Controls whether to preserve the reference's library size:

* **`False`** (default): The output's total count is taken from the reference expression sum
* **`True`**: Forces the model to use the `total_count` parameter value or default instead of the reference's library size

```python theme={null}
# Preserve reference library size (default)
query["fixed_total_count"] = False

# Or force a specific library size
query["fixed_total_count"] = True
query["total_count"] = 10_000_000
```

### `total_count` (int, optional)

Library size used when converting predicted log CPM back to raw counts.

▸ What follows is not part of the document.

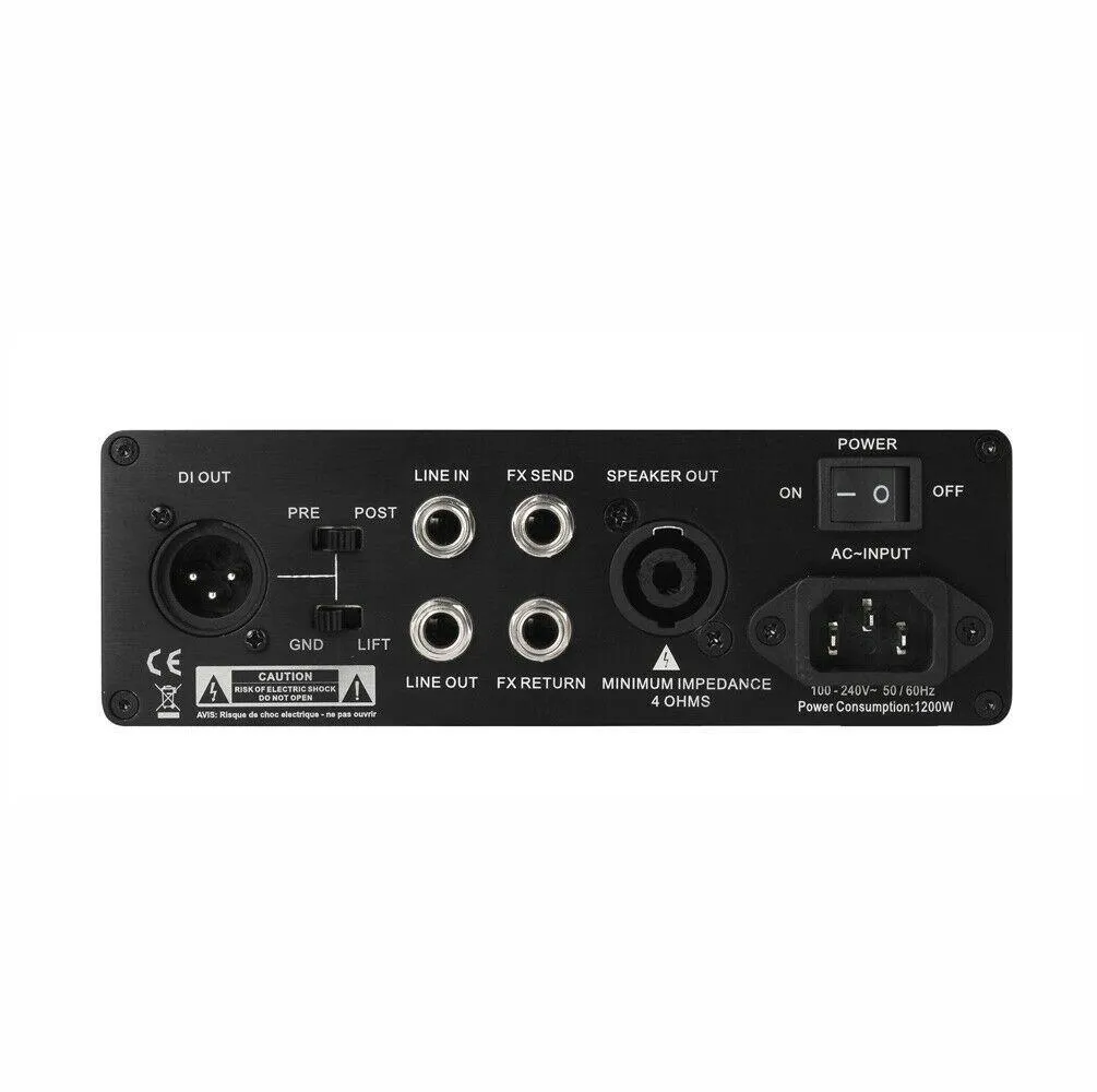 Other features include Mute /Passive/Active Switch, Headphone out and auxiliary input jacks, Balanced line out with pre/post EQ and ground lift switches, FX send/return Jacks, Pre Amp out and Power amp input jacks and a High-Current Speakon Out.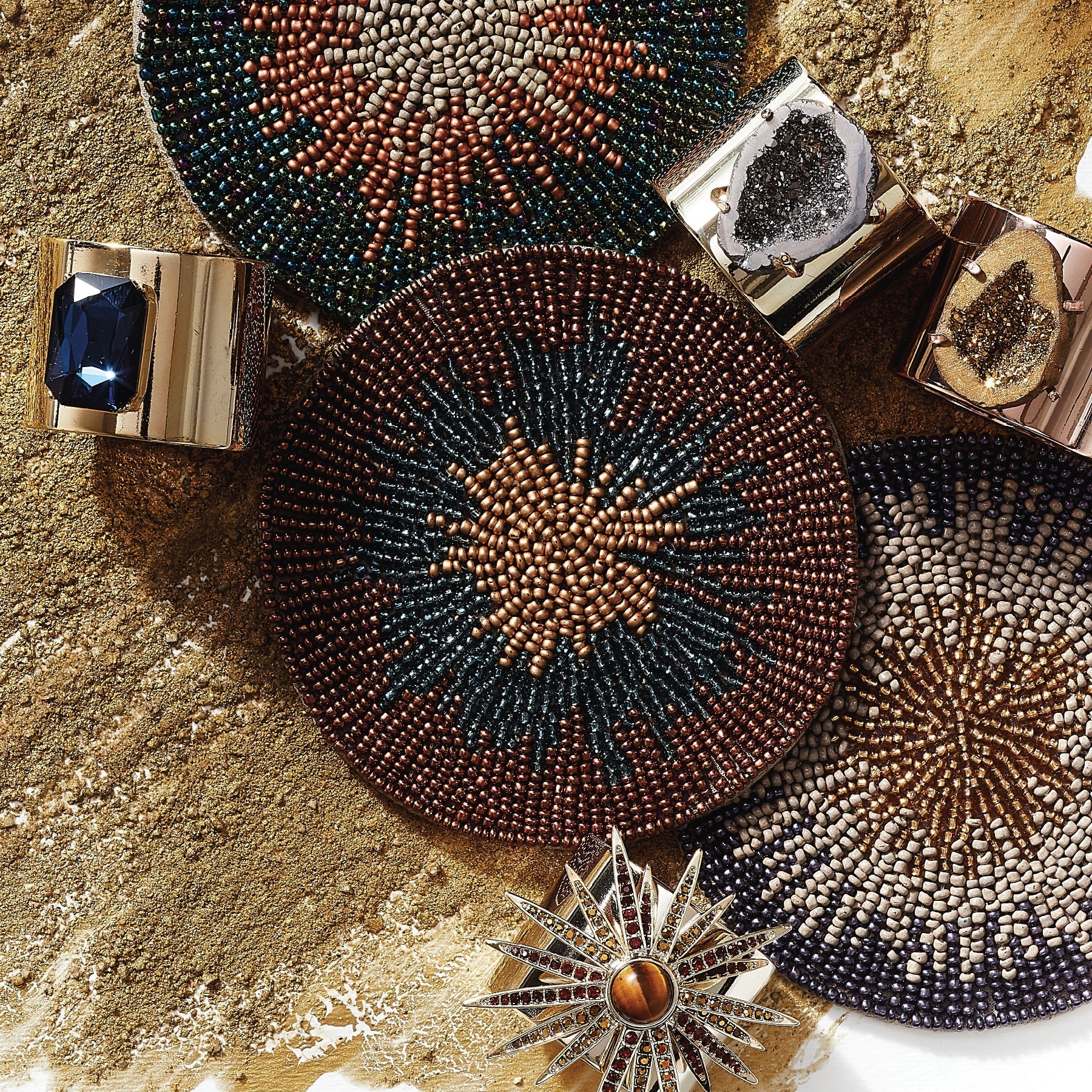 What a beautiful way to express the colours of the season, indigo and taupe and gold! Hand beaded with glass beads, these stunners will be the talk of the cocktail party!

Only effective when `fixed_total_count = True`.

* Default: 10,000,000 for bulk; 10,000 for single-cell

### `deterministic_latents` (bool, optional)

If `True`, the model uses the mean of each latent distribution instead of sampling. This produces deterministic, reproducible outputs.

* Default: `False`

```python theme={null}
query["deterministic_latents"] = True
```

### `seed` (int, optional)

Random seed for reproducibility.

```python theme={null}
query["seed"] = 42
```

## Valid perturbation metadata

| Field                      | Description / format                                                                                                                                                  |
| -------------------------- | --------------------------------------------------------------------------------------------------------------------------------------------------------------------- |
| `perturbation_ontology_id` | Ensembl gene ID, [ChEBI ID](https://www.ebi.ac.uk/chebi/), [ChEMBL ID](https://www.ebi.ac.uk/chembl/), or [NCBI Taxonomy ID](https://www.ncbi.nlm.nih.gov/taxonomy)   |
| `perturbation_type`        | One of `"coculture"`, `"compound"`, `"control"`, `"crispr"`, `"genetic"`, `"infection"`, `"other"`, `"overexpression"`, `"peptide or biologic"`, `"shrna"`, `"sirna"` |
| `perturbation_time`        | Time since perturbation as a number and unit separated by a space, such as `"24 hours"`                                                                               |
| `perturbation_dose`        | Dose as a number and unit separated by a space, such as `"10 um"` or `"1 mg/kg"`                                                                                      |

## Working with results

The result structure is similar to baseline models:

```python theme={null}
metadata = result["metadata"]
expression = result["expression"]

print(expression.shape)
print(metadata.head())
```

### Differential expression

When conditioning on both biological and technical latents, you can directly compare the generated expression to your reference to identify perturbation effects:

```python theme={null}
import numpy as np

# Your reference (input) counts
reference_cpm = your_reference_counts / np.sum(your_reference_counts) * 1e6

# Generated (perturbed) counts
generated_counts = expression.iloc[0].values
generated_cpm = generated_counts / np.sum(generated_counts) * 1e6

# Log fold change
log2fc = np.log2(generated_cpm + 1) - np.log2(reference_cpm + 1)

# Identify top changed genes
gene_names = expression.columns
top_indices = np.argsort(log2fc)[-20:]
print("Top upregulated genes:", gene_names[top_indices].tolist())
```

## Important notes

### Counts vector length

The reference counts vector must match the model's expected number of genes. If the length does not match, the API returns a validation error.

Use `get_example_query()` to see the expected structure and ensure your counts vector has the correct length.

### Gene order

Ensure your reference counts are in the same gene order expected by the model. The response includes a `gene_order` field that specifies the expected order.